• WHAT YOU NEED TO DO
Write out, word for word, only the data from its first line to the line containing "1.学生微信需关注北京网梯学".

• SOURCE DATA
# # # # # # #
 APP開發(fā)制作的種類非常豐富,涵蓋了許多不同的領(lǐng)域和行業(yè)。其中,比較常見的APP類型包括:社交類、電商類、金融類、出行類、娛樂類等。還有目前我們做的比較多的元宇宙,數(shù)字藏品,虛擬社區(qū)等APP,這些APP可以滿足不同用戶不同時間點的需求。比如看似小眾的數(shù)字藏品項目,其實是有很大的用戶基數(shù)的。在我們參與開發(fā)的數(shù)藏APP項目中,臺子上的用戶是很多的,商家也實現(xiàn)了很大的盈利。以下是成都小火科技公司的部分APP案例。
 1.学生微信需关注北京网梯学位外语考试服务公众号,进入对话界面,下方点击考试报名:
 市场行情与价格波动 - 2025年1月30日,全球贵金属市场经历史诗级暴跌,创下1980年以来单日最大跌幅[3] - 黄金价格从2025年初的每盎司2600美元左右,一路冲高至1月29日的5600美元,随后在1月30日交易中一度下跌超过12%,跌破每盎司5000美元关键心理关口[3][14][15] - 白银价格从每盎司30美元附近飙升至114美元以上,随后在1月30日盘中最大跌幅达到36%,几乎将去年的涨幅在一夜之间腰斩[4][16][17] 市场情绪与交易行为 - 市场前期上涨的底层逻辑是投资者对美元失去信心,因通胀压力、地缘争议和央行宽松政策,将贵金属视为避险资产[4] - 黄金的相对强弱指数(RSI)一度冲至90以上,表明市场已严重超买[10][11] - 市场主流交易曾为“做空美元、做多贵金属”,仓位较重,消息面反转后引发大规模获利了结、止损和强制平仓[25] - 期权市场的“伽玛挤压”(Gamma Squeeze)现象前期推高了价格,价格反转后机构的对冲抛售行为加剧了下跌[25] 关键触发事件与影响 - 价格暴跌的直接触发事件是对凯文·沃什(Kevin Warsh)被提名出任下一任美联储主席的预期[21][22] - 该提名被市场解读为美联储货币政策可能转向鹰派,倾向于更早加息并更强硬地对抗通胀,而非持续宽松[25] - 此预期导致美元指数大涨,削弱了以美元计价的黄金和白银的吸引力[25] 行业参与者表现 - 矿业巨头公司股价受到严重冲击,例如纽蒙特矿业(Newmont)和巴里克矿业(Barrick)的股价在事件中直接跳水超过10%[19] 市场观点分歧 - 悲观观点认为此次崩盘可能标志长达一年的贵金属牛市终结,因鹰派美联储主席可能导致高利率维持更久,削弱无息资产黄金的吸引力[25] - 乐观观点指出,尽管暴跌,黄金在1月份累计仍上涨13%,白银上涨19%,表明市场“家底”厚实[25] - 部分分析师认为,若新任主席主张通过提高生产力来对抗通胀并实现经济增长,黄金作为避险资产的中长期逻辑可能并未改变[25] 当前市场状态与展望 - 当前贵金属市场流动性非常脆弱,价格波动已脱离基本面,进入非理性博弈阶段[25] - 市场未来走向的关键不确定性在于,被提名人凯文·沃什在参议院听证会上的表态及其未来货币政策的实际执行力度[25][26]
# # # # # # #
• RESULT FOR THIS TASK
 APP開發(fā)制作的種類非常豐富,涵蓋了許多不同的領(lǐng)域和行業(yè)。其中,比較常見的APP類型包括:社交類、電商類、金融類、出行類、娛樂類等。還有目前我們做的比較多的元宇宙,數(shù)字藏品,虛擬社區(qū)等APP,這些APP可以滿足不同用戶不同時間點的需求。比如看似小眾的數(shù)字藏品項目,其實是有很大的用戶基數(shù)的。在我們參與開發(fā)的數(shù)藏APP項目中,臺子上的用戶是很多的,商家也實現(xiàn)了很大的盈利。以下是成都小火科技公司的部分APP案例。
 1.学生微信需关注北京网梯学位外语考试服务公众号,进入对话界面,下方点击考试报名:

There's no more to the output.